═══ GIVEN DATA

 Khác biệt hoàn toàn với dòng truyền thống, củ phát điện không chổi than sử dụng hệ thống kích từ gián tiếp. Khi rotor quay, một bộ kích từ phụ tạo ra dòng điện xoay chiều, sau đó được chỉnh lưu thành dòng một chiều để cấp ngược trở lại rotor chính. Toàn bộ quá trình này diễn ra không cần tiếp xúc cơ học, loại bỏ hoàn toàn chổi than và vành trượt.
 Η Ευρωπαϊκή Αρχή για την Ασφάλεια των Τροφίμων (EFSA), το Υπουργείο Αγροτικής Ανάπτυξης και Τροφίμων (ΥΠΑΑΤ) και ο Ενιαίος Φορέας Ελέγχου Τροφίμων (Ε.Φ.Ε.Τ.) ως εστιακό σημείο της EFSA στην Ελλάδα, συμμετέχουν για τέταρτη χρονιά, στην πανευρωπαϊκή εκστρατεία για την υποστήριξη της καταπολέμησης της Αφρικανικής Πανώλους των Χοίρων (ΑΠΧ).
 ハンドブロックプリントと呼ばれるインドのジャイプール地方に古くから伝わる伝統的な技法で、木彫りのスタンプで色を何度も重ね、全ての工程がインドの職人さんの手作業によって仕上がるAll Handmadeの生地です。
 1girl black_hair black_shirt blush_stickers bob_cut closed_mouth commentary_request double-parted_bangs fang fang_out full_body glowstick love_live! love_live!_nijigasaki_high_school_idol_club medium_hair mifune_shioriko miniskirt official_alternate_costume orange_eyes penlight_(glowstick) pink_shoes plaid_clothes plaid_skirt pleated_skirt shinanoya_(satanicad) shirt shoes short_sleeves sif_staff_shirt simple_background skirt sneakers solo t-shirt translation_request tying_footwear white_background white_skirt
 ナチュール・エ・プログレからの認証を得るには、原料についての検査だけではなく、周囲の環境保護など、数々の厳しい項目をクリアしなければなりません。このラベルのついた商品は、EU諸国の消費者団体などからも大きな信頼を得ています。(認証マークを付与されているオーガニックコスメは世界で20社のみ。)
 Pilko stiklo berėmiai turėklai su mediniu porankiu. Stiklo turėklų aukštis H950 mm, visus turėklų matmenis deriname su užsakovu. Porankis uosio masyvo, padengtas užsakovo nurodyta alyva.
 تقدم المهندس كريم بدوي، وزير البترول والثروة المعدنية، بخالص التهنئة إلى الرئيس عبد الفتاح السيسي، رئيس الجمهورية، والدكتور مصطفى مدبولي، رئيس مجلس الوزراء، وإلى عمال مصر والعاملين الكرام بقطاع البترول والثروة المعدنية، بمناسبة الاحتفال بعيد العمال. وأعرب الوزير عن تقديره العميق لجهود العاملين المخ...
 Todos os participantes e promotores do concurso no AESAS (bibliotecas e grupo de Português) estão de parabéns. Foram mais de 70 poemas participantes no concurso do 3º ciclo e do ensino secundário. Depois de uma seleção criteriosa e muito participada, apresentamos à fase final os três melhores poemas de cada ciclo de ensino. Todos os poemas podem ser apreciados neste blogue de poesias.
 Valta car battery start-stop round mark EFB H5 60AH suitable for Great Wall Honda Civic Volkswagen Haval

══════
═══ GIVEN DATA

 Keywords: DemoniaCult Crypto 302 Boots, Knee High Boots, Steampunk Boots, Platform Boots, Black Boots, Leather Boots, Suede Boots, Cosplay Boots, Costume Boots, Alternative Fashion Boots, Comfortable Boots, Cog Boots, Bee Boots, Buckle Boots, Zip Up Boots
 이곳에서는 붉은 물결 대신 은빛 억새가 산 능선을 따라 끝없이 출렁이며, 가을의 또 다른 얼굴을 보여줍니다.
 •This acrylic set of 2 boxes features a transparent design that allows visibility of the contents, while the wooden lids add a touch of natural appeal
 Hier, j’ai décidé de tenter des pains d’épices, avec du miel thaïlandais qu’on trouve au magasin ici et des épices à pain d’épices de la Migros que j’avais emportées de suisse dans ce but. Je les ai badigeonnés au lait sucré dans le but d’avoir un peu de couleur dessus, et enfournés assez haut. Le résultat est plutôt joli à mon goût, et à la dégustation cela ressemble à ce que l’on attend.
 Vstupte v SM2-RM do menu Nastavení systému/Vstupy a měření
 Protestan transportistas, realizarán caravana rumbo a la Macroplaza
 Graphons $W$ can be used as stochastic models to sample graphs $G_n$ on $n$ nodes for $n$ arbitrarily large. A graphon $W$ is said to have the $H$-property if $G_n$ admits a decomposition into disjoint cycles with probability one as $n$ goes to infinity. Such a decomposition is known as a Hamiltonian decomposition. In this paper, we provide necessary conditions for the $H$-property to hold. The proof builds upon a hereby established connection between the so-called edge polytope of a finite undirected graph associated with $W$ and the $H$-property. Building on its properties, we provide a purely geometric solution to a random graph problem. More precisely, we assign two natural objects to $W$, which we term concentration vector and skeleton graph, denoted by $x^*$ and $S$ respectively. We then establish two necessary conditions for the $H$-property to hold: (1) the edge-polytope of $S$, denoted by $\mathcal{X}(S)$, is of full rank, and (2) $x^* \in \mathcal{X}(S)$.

══════
═══ GIVEN DATA

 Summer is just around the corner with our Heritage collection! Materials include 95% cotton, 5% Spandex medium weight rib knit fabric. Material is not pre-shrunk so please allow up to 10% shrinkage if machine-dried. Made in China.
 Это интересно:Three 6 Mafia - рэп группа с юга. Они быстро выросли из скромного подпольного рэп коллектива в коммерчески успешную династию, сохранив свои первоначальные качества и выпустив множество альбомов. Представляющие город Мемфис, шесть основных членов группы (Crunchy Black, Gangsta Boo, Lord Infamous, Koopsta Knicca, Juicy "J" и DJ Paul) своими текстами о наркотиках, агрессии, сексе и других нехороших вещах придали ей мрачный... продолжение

══════

- [ACTION ITEM]
Look above for the line with "1girl black_hair black_shirt"; retype exactly that line, every line after it up to the line with "تقدم المهندس كريم", and that line too, nothing else.

- [TASK RESULT]
 1girl black_hair black_shirt blush_stickers bob_cut closed_mouth commentary_request double-parted_bangs fang fang_out full_body glowstick love_live! love_live!_nijigasaki_high_school_idol_club medium_hair mifune_shioriko miniskirt official_alternate_costume orange_eyes penlight_(glowstick) pink_shoes plaid_clothes plaid_skirt pleated_skirt shinanoya_(satanicad) shirt shoes short_sleeves sif_staff_shirt simple_background skirt sneakers solo t-shirt translation_request tying_footwear white_background white_skirt
 ナチュール・エ・プログレからの認証を得るには、原料についての検査だけではなく、周囲の環境保護など、数々の厳しい項目をクリアしなければなりません。このラベルのついた商品は、EU諸国の消費者団体などからも大きな信頼を得ています。(認証マークを付与されているオーガニックコスメは世界で20社のみ。)
 Pilko stiklo berėmiai turėklai su mediniu porankiu. Stiklo turėklų aukštis H950 mm, visus turėklų matmenis deriname su užsakovu. Porankis uosio masyvo, padengtas užsakovo nurodyta alyva.
 تقدم المهندس كريم بدوي، وزير البترول والثروة المعدنية، بخالص التهنئة إلى الرئيس عبد الفتاح السيسي، رئيس الجمهورية، والدكتور مصطفى مدبولي، رئيس مجلس الوزراء، وإلى عمال مصر والعاملين الكرام بقطاع البترول والثروة المعدنية، بمناسبة الاحتفال بعيد العمال. وأعرب الوزير عن تقديره العميق لجهود العاملين المخ...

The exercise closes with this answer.